Гоголь тут воображает, что рассказывает о себе что-то необыкновенное, неправдоподобное; а на самом деле комические писатели большею частью были люди с грустным настроением духа; в пример укажем на Мольера. Они прибегали к шутке, к насмешке, чтобы забыться, заглушить тоску, как другие заглушают ее житейским разгулом. Чему приписать свою тоску, Гоголь не знает; болезнь сам он считает объяснением недостаточным. Не ясно ли уже из одного этого, что он был похож на людей нынешнего времени, очень хорошо понимающих причину своей грусти? Он, создавший Чичикова, Сквозника-Дмухановского и Акакия Акакиевича, не знает, что грусть на душу благородного человека навевается зрелищем Чичиковых и Акакиев Акакиевичей! Это странно для нас, привыкших думать о связи отдельных фактов с общею обстановкою нашей жизни; но Гоголь не подозревал этой связи.
"...выдумывать целиком смешные лица и характеры, поставляя их мысленно в самые смешные положения, вовсе не заботясь о том, для чего это
Некоторые вздумали говорить, что Гоголь сам не понимал смысла своих произведений, -- это нелепость слишком очевидная; но то справедливо, что, негодуя на взяточничество и самоуправство провинциальных чиновников в своем "Ревизоре", Гоголь не предвидел, куда поведет это негодование: ему казалось, что все дело ограничивается желанием уничтожить взяточничество: связь этого явления с другими явлениями не была ему ясна. Нельзя не верить ему, когда он говорит, что испугался, увидев, какие далекие следствия выводятся из его нападений на плутни провинциальных чиновников.

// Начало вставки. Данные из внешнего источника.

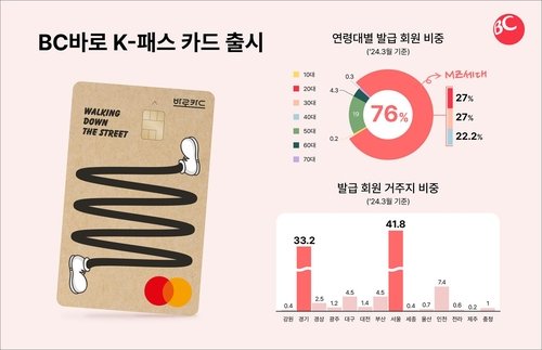 한편 BC카드가 BC바로 K-패스 카드의 전신인 BC바로 알뜰교통플러스 카드의 지난달 기준 이용자를 분석한 결과, MZ세대(1980년대 초~2000년대 초 출생)로 분류되는 20~40대가 76.2%로 가장 큰 비중을 차지했다.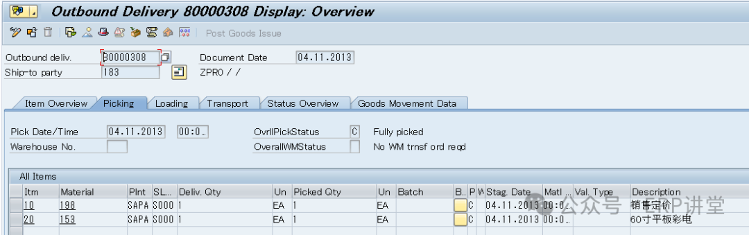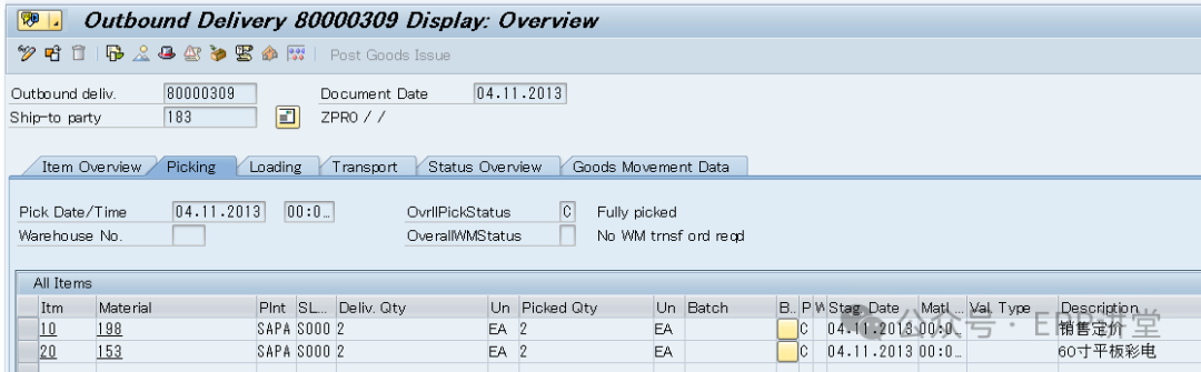 交货单上有2个明细,物料不同,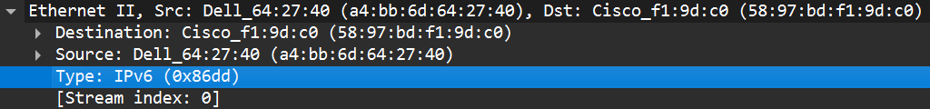 可以直观看出ipv6对应的分解键为0x86dd,tcp对应的分解键为6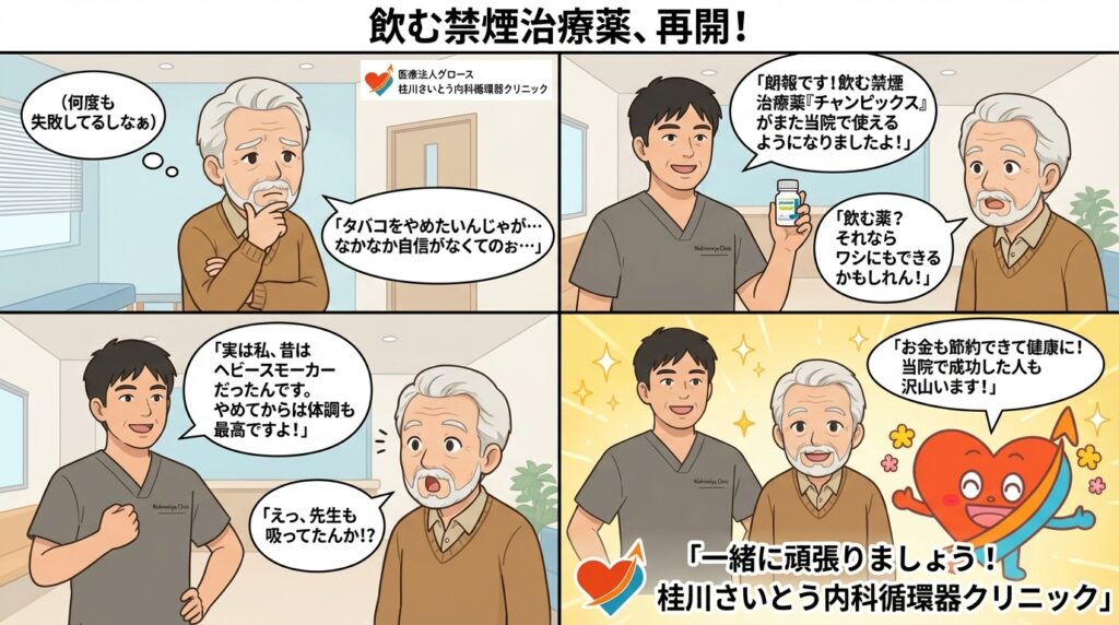 チャンピックスは科学的根拠に基づく効果的な禁煙治療薬として、多くの方の禁煙成功をサポートしてきました。治療の再開により、再び選択肢として利用できるようになっています。禁煙は健康改善への第一歩です。一人で頑張る必要はありません、医療専門家のサポートを受けながら、確実で安全な禁煙を目指しましょう。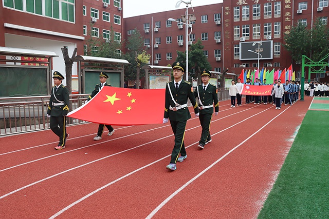 入场仪式结束后,全体师生肃立,升国旗、奏唱国歌。嘹亮的歌声回荡在校园上空,爱国之情在每个人心中激荡,汇聚成昂扬向上的力量。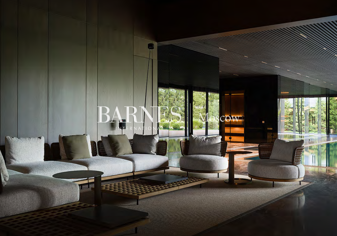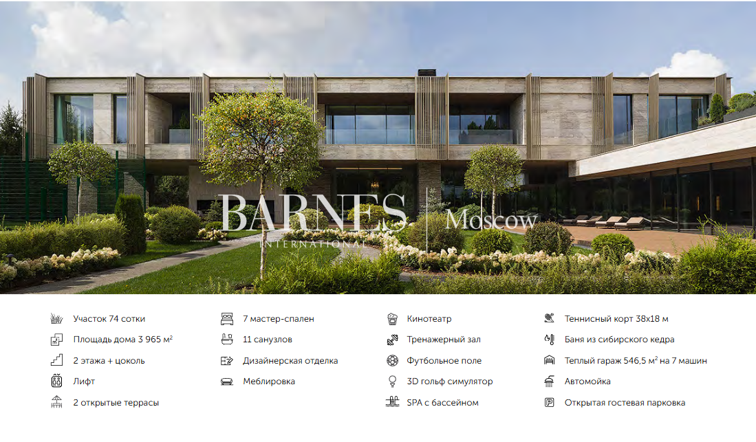 На участке: теннисный корт 38*18м, баня из сибирского кедра, гараж на 6 м/м, автомойка, открытая гостевая парковка.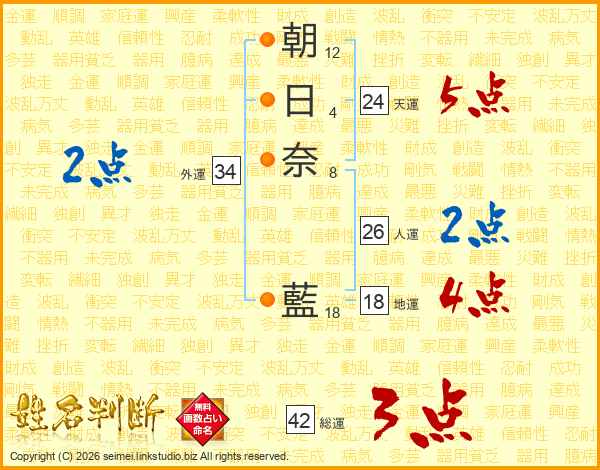 朝日奈藍さんの天運は24画の5点!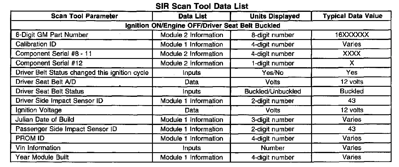 The SIR Scan Tool Data List contains all the restraint system related parameters that are available on the scan tool. The parameters in the list are arranged in alphabetical order. The column, "Data List," indicates the location of the parameter within the scan tool menu selections.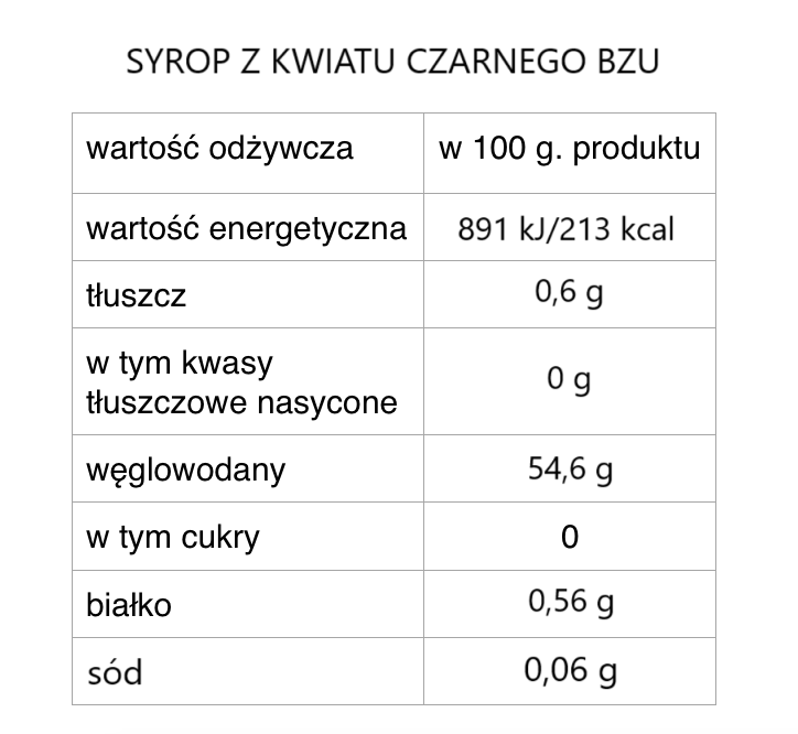 Syrop otrzymany ze zdrowych, dojrzałych i wyselekcjonowanych kwiatów czarnego bzu.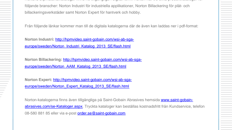 Norton-katalogerna finns även tillgängliga på Saint-Gobain Abrasives hemsida. Tryckta kataloger kan beställas kostnadsfritt från Kundservice, telefon 08-580 881 85 eller via e-post order.se@saint-gobain.com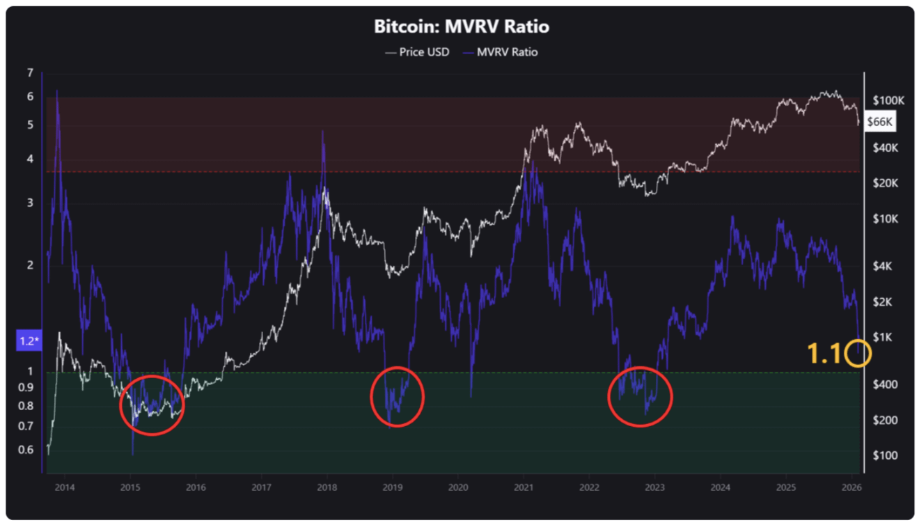 "Secara umum, ketika rasio MVRV turun di bawah 1, Bitcoin dianggap undervalued. Saat ini, indikator berdiri di sekitar 1.1, menunjukkan bahwa level harga mendekati rentang undervaluasi."

Стройные и сознательные убеждения развиваются в человеке не иначе, как или под влиянием общества, или при помощи литературы. Кто лишен этих вспомогательных средств, тот обыкновенно на всю жизнь остается при отрывочных мнениях об отдельных фактах, не чувствуя потребности придать им сознательное единство. Такие люди до сих пор составляют большинство у нас даже между теми, которые получили так называемое основательное образование. Об отдельных случаях они судят более или менее справедливо, но вы бываете поражены бессвязностию и внутреннею разладицею их суждений, как скоро речь пойдет о каких-нибудь общих и обширных вопросах. Двадцать лет тому назад представлялось еще гораздо меньше средств и внешних побуждений выйти из этого состояния. Литература в то время представляла гораздо меньше, нежели ныне, для развития стройного образа мыслей; мнения лучших писателей оказывались вообще очень шаткими, как скоро дело доходило до общих вопросов, о которых говорили вообще наудачу. Читая, например, прозаические статьи Пушкина, вы удивляетесь тому, как один и тот же человек мог на двух, трех страницах соединить так много разноречащих мыслей. В обществе тогда было очень мало наклонностей к размышлению: это доказывается уже чрезвычайным успехом "Библиотеки для чтения", не имевшей никакого образа мыслей [, между тем, как в настоящее время журнал, не имеющий образа мыслей, был бы никому не нужен]. Очень извинительно было бы Гоголю, если бы он остался навсегда на той ступени умственных потребностей, на какой оставались во всю жизнь почти все писатели, бывшие у нас двадцать лет назад. Но он едва пережил первую пору молодости, как уже почувствовал непреодолимую потребность приобрести определенный взгляд на человеческую жизнь, приобрести прочные убеждения, не удовлетворяясь отрывочными впечатлениями и легкими бессвязными мнениями, которыми довольствовались другие. Это свидетельствует о высокости его натуры. Но одного инстинкта натуры мало для того, чтобы пойти верным путем к справедливому решению глубочайших и запутаннейших вопросов науки; для этого нужно также или иметь научное приготовление к тому, или надежных руководителей. Припомним же теперь, в каком положении находился Гоголь, когда был застигнут потребностью создать себе прочный образ мыслей.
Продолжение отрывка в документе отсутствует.